Stored entries:
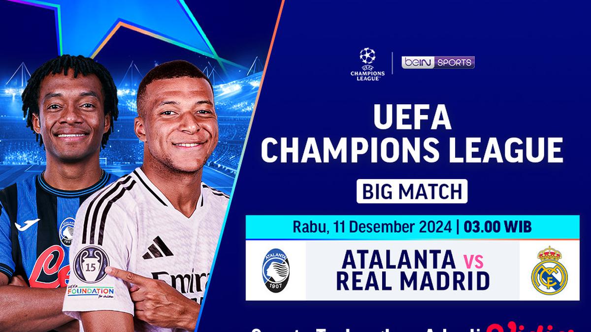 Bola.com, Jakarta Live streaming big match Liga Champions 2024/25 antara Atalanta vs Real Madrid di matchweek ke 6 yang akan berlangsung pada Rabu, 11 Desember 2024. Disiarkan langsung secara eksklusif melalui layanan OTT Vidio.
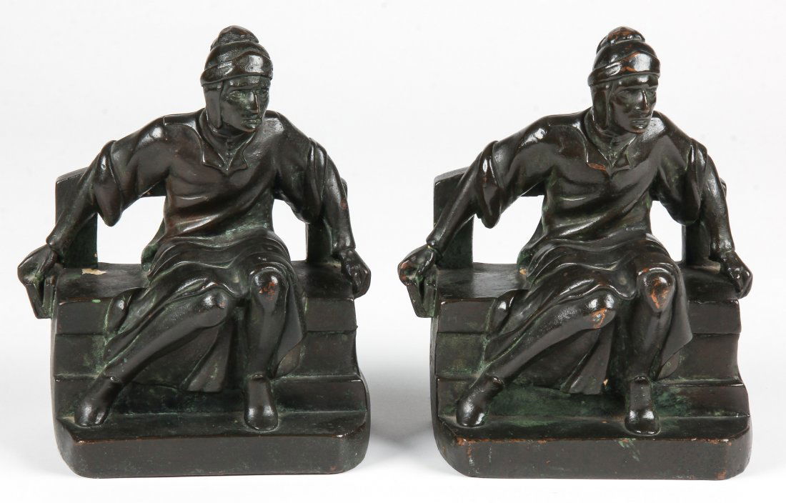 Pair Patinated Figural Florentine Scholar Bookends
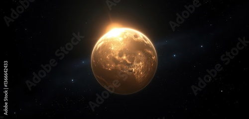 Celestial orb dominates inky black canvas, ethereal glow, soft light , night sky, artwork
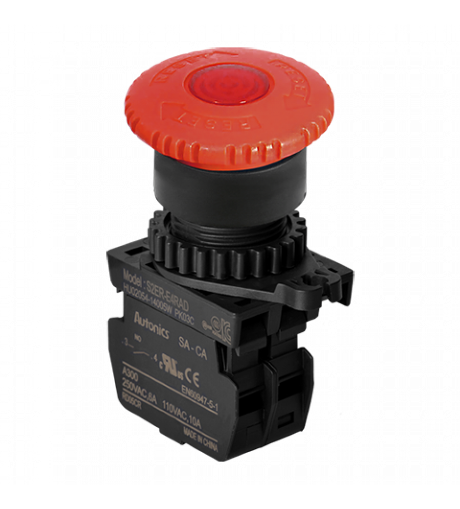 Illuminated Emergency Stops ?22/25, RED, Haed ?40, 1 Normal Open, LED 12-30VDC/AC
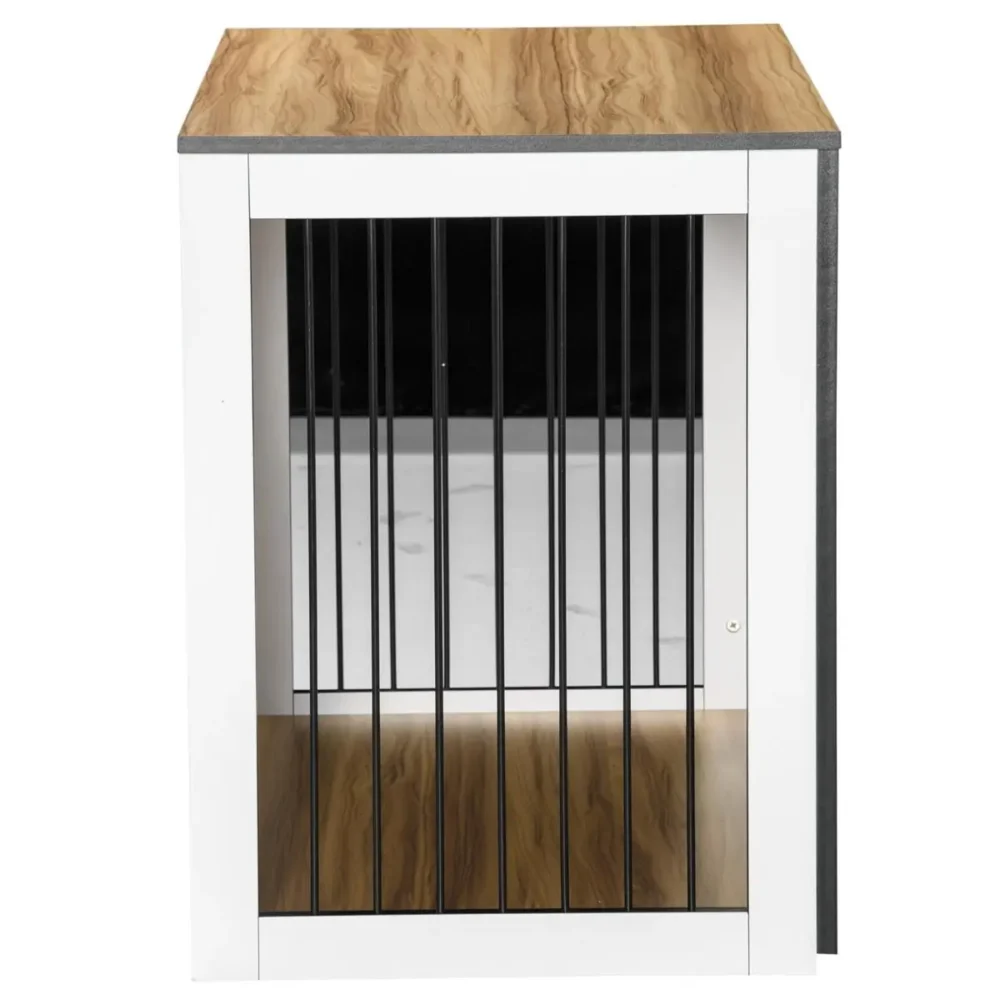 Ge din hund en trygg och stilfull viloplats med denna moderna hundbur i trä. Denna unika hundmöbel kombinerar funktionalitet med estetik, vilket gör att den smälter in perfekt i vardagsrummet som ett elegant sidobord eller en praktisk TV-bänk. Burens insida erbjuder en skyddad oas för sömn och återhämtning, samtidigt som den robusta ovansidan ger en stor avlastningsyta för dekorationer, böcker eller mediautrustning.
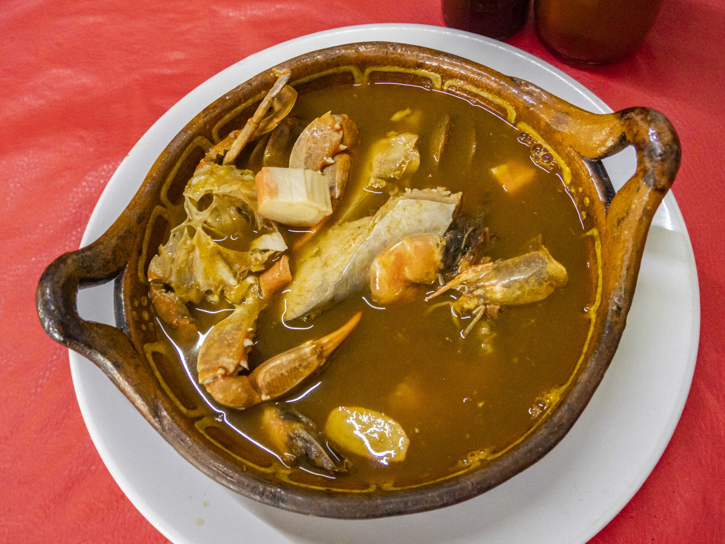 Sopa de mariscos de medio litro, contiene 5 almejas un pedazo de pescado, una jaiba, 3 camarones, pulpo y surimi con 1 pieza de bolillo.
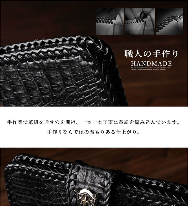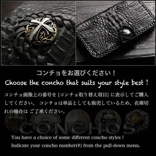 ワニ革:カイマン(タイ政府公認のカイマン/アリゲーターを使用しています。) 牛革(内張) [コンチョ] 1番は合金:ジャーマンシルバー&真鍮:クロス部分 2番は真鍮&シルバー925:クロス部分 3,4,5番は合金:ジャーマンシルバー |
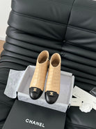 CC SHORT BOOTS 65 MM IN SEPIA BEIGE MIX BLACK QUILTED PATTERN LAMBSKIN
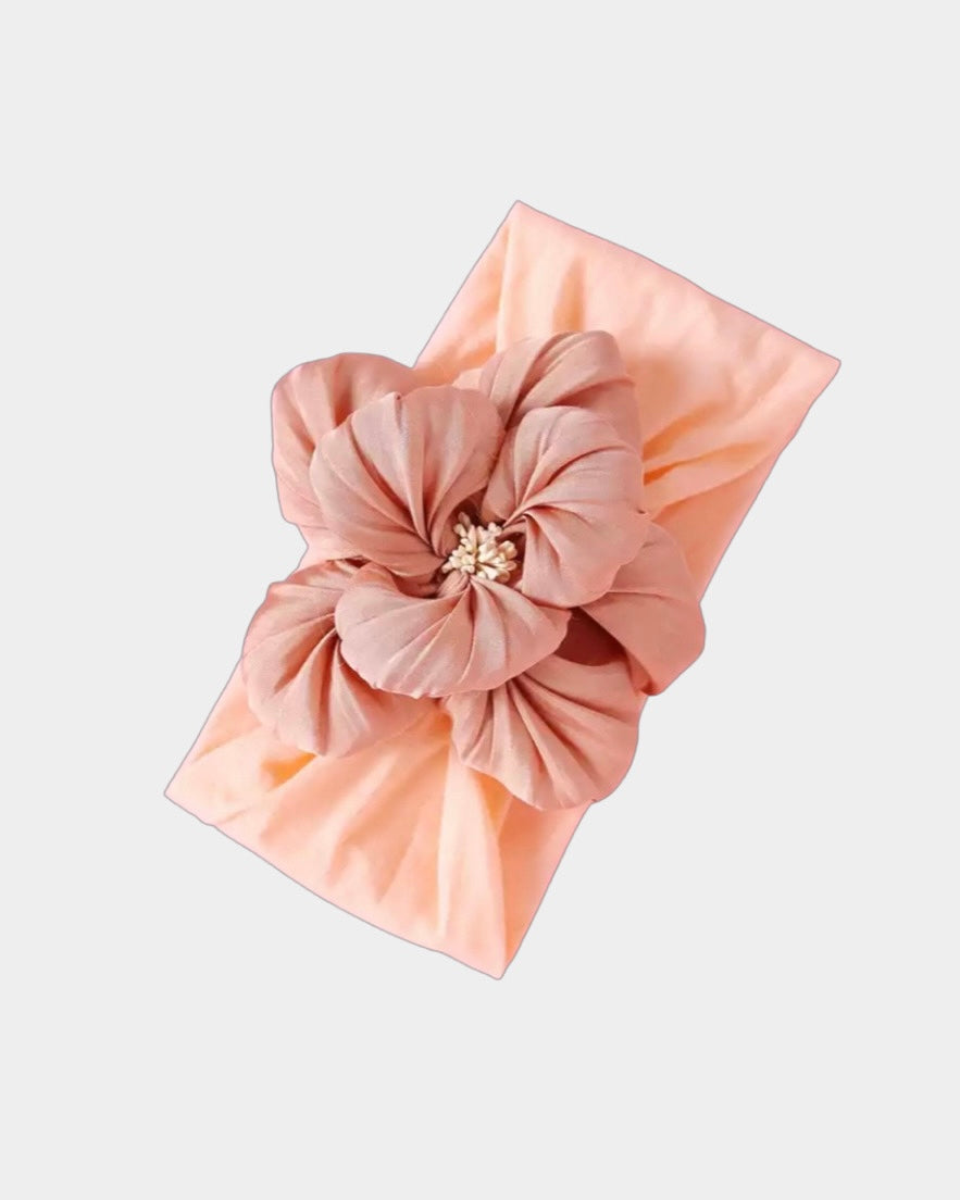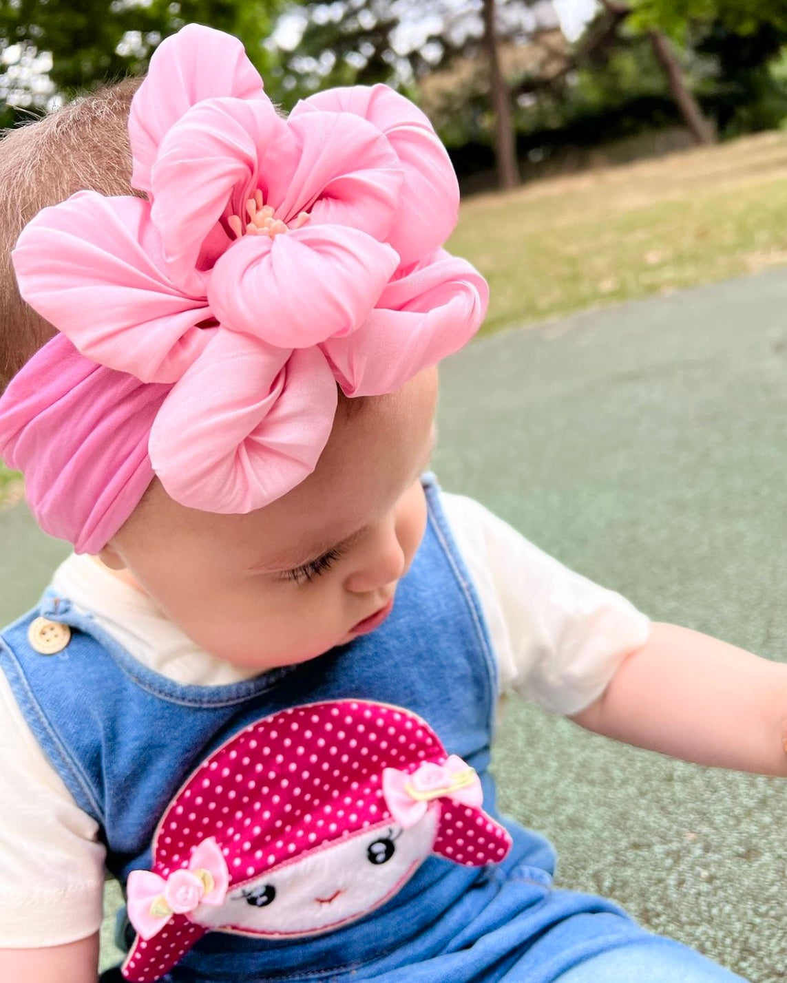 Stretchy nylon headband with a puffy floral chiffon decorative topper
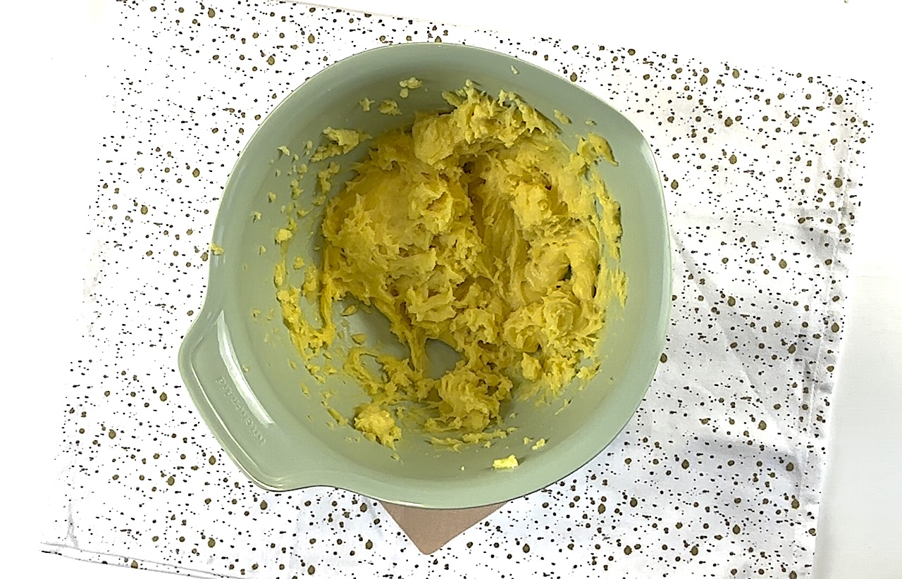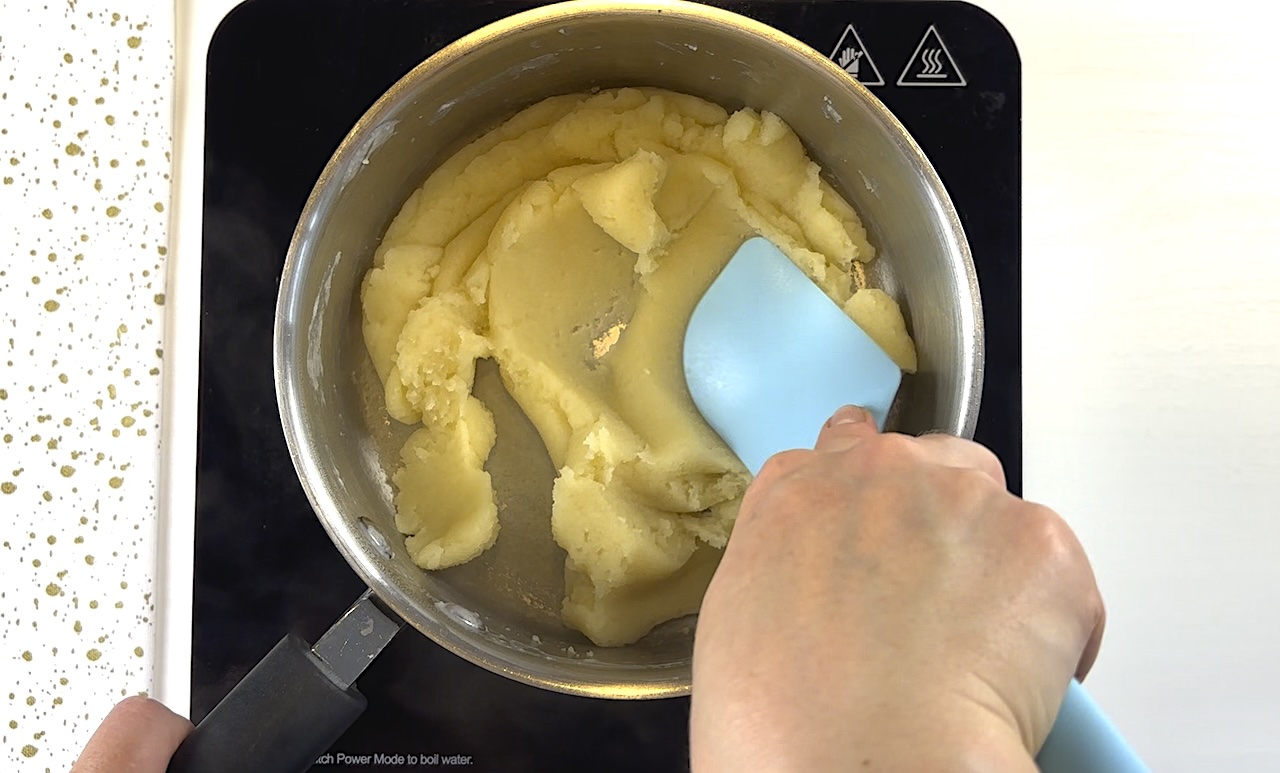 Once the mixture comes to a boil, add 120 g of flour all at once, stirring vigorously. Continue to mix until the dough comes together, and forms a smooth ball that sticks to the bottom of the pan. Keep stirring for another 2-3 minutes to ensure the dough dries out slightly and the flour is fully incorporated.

ASSIGNED TASK |
Look above for the line with "ワニ革:カイマン(タイ政府公認のカイマン/アリゲーターを使用しています。) 牛革(内張) [コンチョ]", then give again exactly every line from there through the line with "Stretchy nylon headband", skipping the pictures.

OUTPUT BELOW |
 ワニ革:カイマン(タイ政府公認のカイマン/アリゲーターを使用しています。) 牛革(内張) [コンチョ] 1番は合金:ジャーマンシルバー&真鍮:クロス部分 2番は真鍮&シルバー925:クロス部分 3,4,5番は合金:ジャーマンシルバー |
 CC SHORT BOOTS 65 MM IN SEPIA BEIGE MIX BLACK QUILTED PATTERN LAMBSKIN
 Stretchy nylon headband with a puffy floral chiffon decorative topper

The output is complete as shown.